Is the component still in a valid state?
Should it keep processing new messages?
Has in-memory state been corrupted or partially updated?
Should the failure be isolated to one child actor or should a larger workflow be stopped?
Is the problem transient, deterministic, or caused by bad input?

Akka forces these questions into the design because actor systems are built from long-lived components. A failure inside a long-lived actor is not just a failed line of code. It is a question about the future behavior of that component.

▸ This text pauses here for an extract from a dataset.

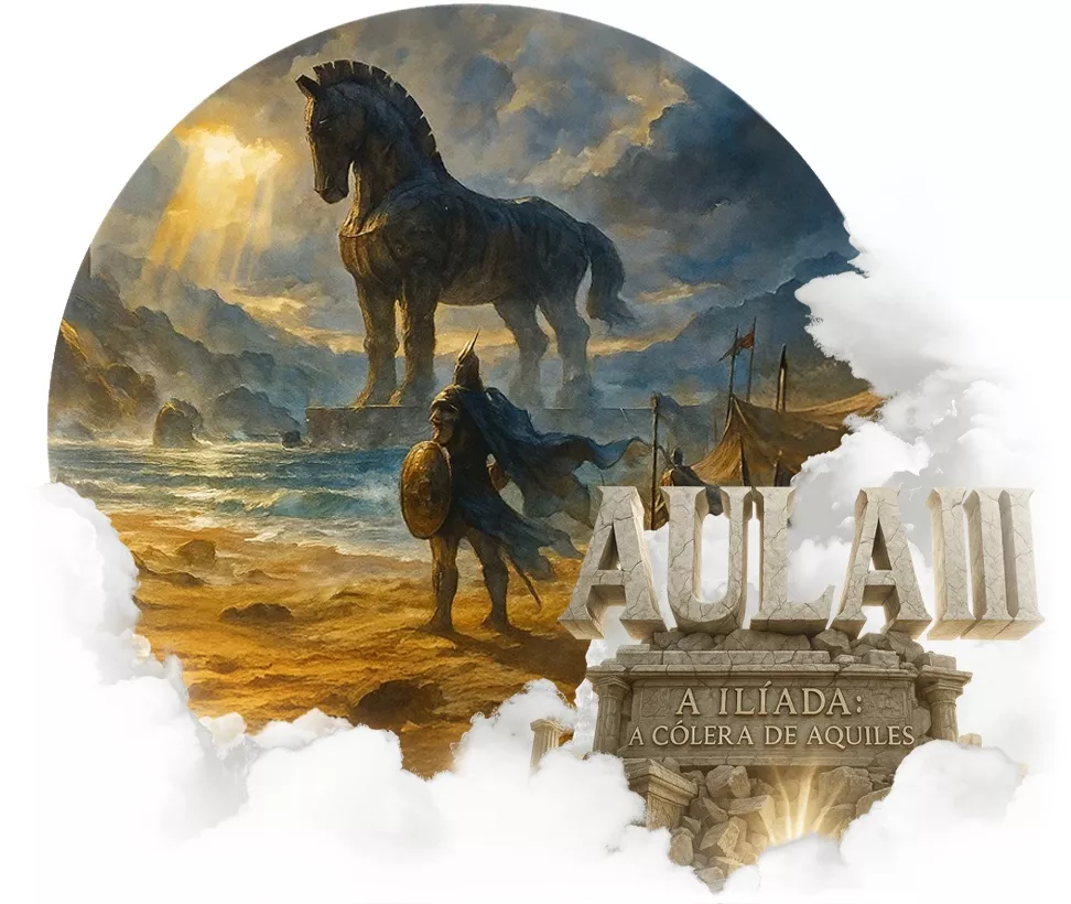 A Odisseia nasce das cinzas da Ilíada. Aqui, revemos os eventos finais da Guerra de Troia, o destino de Aquiles e o uso do Cavalo de Madeira — contexto sem o qual a jornada de Odisseu não faria sentido. É também onde os traumas e as perdas que impulsionam a Odisseia se revelam.

Imagine a payments pipeline with these responsibilities:

one actor validates incoming payment requests
one actor calls an external gateway
one actor tracks settlement progress
one actor updates internal accounting state

If the gateway actor starts failing, you need more than a stack trace. You need to decide whether the actor should restart, whether requests should be retried, whether in-flight messages may be duplicated, and whether upstream actors should keep accepting work.

That is what supervision is for.

What Supervision Actually Means

In Akka, supervision is the policy a parent applies when a child actor fails.

That sounds simple, but it carries a lot of architectural meaning.

Supervision says:

which actor owns the failed child
how failure is contained
whether the child should stop, restart, or resume
how much local state is discarded during recovery

This is one reason parent-child boundaries matter so much in actor systems. They are not just a hierarchy for organization. They are failure boundaries.

In Akka Typed, supervision is often attached directly when a behavior is created:

import akka.actor.typed.Behavior
import akka.actor.typed.SupervisorStrategy
import akka.actor.typed.scaladsl.Behaviors
import scala.concurrent.duration.*

object PaymentGatewayWorker {
  sealed trait Command
  final case class Authorize(paymentId: String, amount: BigDecimal) extends Command

  final class GatewayUnavailable(message: String) extends RuntimeException(message)
  final class InvalidGatewayResponse(message: String) extends RuntimeException(message)

  def apply(client: GatewayClient): Behavior[Command] =
    Behaviors
      .supervise(active(client))
      .onFailure[GatewayUnavailable](
        SupervisorStrategy.restartWithBackoff(500.millis, 10.seconds, 0.2)
      )
      .onFailure[InvalidGatewayResponse](SupervisorStrategy.stop)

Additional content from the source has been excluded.